**INFORMATION SUPPLIED:**

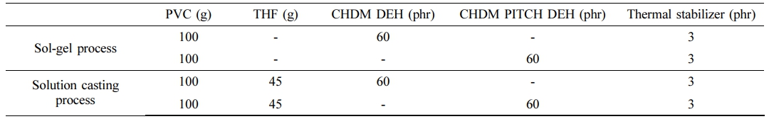 1,4-Cyclohexanedimethanol Bis(2-ethylhexanoate) 및 1,4-Cyclohexanedimethanol Pitch Bis(2-ethylhexanoate) 함유 PVC(이하 p-PVC) 시편 제작. 신규 가소제를 PVC 수지에 적용하여 PVC 시편(p-PVC)을 제작하였다. 신규 가소제의 기계적 특성 평가를 위해 졸-겔(sol-gel) 공정방법으로 coin 형태 및 dog-bone 형태 시편을 제작하였고 PVC로부터 가소제의 이행 특성 및 열적 특성 평가를 수행하기 위해 THF를 용매로 사용하여 solution casting 방법으로 필름 형태의 PVC 시편을 제작하였다. Table 2에 p-PVC 제작 배합 비율을 나타내었다.
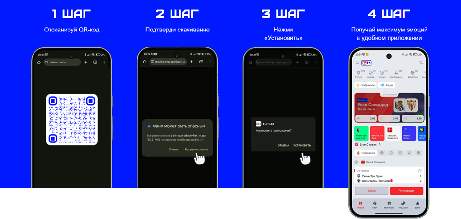 Приложение букмекерской конторы Бет-М — это удобный и безопасный софт, который пользователи могут скачать на свои устройства, чтобы получить доступ ко всем привилегиям игры. Такой софт занимает не более 30 Мб свободной памяти девайса, открывает доступ ко всем функциям и управлению аккаунтом. Участникам предлагается пошаговая инструкция установки на официальном сайте БК Бет-М, а более подробно мы рассмотрим требования ниже.
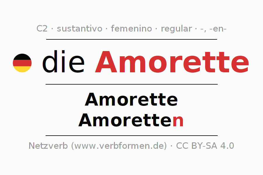 La declinación del sustantivo en forma de tabla con todas su formas: singular, plural y en los cuatro casos: nominativo (primer caso), genitivo (segundo caso), dativo (tercer caso) y acusativo (cuarto caso). Las construcciones gramaticales están representadas de forma clara en una tabla sinópica. La inflexión de los sustantivos es una ayuda durante tareas, exámenes, para cursos de alemán, la universidad, el estudio del alemán como lengua extranjera o como segundo idioma y para estudiantes adultos. La declinación correcta de las palabras es especialmente importante para los que aprenden el idioma alemán. Aquí encontraras más información acerca del tema Wiktionary Amorette y aquí también a través del Duden Amorette.

**YOUR ASSIGNMENT:** All of the data above is to be repeated exactly, with the pictures left out.

**SOLUTION:**
 1,4-Cyclohexanedimethanol Bis(2-ethylhexanoate) 및 1,4-Cyclohexanedimethanol Pitch Bis(2-ethylhexanoate) 함유 PVC(이하 p-PVC) 시편 제작. 신규 가소제를 PVC 수지에 적용하여 PVC 시편(p-PVC)을 제작하였다. 신규 가소제의 기계적 특성 평가를 위해 졸-겔(sol-gel) 공정방법으로 coin 형태 및 dog-bone 형태 시편을 제작하였고 PVC로부터 가소제의 이행 특성 및 열적 특성 평가를 수행하기 위해 THF를 용매로 사용하여 solution casting 방법으로 필름 형태의 PVC 시편을 제작하였다. Table 2에 p-PVC 제작 배합 비율을 나타내었다.
 Приложение букмекерской конторы Бет-М — это удобный и безопасный софт, который пользователи могут скачать на свои устройства, чтобы получить доступ ко всем привилегиям игры. Такой софт занимает не более 30 Мб свободной памяти девайса, открывает доступ ко всем функциям и управлению аккаунтом. Участникам предлагается пошаговая инструкция установки на официальном сайте БК Бет-М, а более подробно мы рассмотрим требования ниже.
 La declinación del sustantivo en forma de tabla con todas su formas: singular, plural y en los cuatro casos: nominativo (primer caso), genitivo (segundo caso), dativo (tercer caso) y acusativo (cuarto caso). Las construcciones gramaticales están representadas de forma clara en una tabla sinópica. La inflexión de los sustantivos es una ayuda durante tareas, exámenes, para cursos de alemán, la universidad, el estudio del alemán como lengua extranjera o como segundo idioma y para estudiantes adultos. La declinación correcta de las palabras es especialmente importante para los que aprenden el idioma alemán. Aquí encontraras más información acerca del tema Wiktionary Amorette y aquí también a través del Duden Amorette.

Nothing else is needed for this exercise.